As for mosque-watching, given the constitutional status of religious freedom, not to mention political expression, we might want this investigatory tactic to remain under the supervision of the courts. Certainly the FBI should regulate such surveillance as though it were a subject of constitutional scrutiny. Amar’s definition of “search” may be way too broad, semantically. But he is right about reading the Fourth Amendment so that we don’t lose sight of the reasonableness requirement attaching to government surveillance, and the independent work it is supposed to do. That a search must be reasonable doesn’t mean that the courts can permit or prohibit whatever they like. But patently the Framers are asking the courts to exercise judgment. They ought to respect the fact that the Constitution requires them to examine the strength of the reasons that motivate a given intrusion as well as the constitutional weight of the reasons that are adduced against it.

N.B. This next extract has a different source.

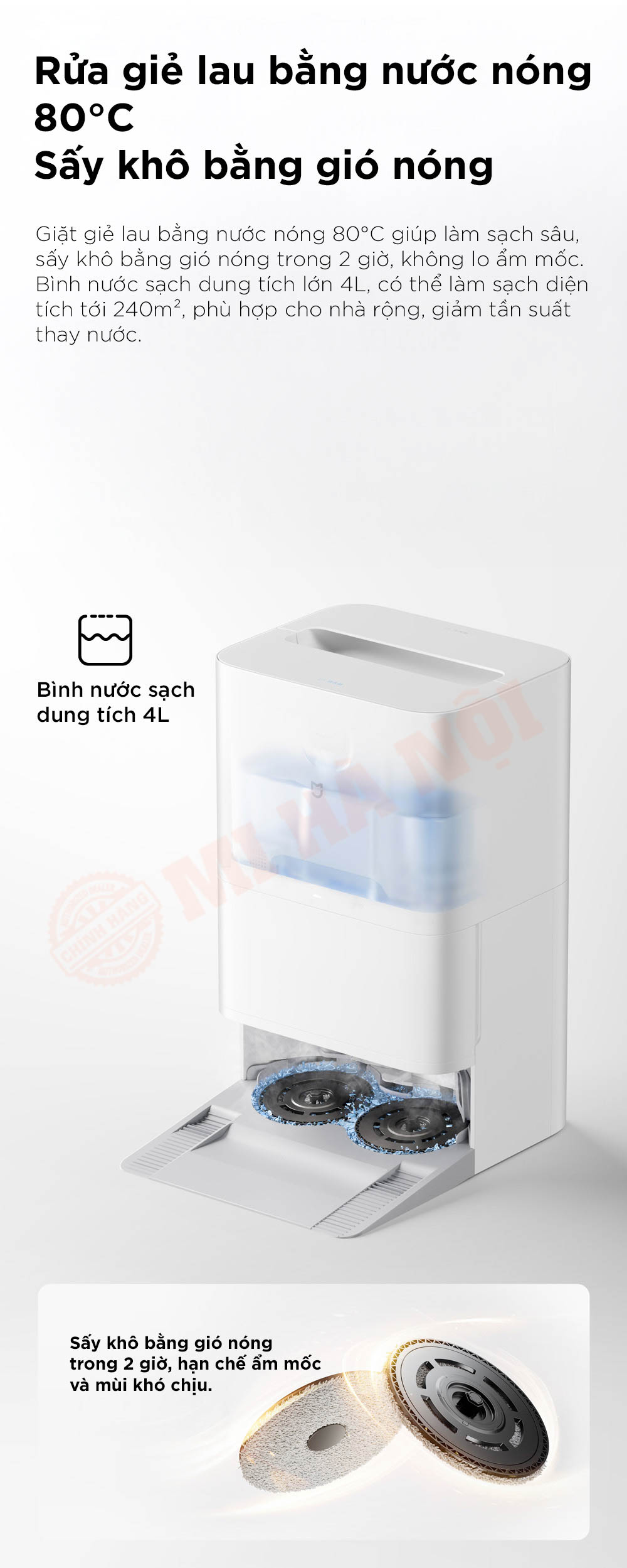 - Dock sạc tự làm sạch, tự động xả nước bẩn, khử mùi hiệu quả.

I don’t think there is anyone in the academy these days capable of more patient and attentive reading of the constitutional text than Akhil Amar. When that close reading is allied with the kind of thoughtfulness that we find in his Fourth Amendment discussion, it is a formidable resource. When it becomes an object of reflection in itself—why have we committed ourselves to a text in this way?—it produces deep insight into the possibilities and paradoxes of an enduring constitutionalism. It is only when Professor Amar starts building what he calls his “clever legal contraptions” that the essays become tiresome—too clever by half to accommodate the abiding concerns he identifies for us.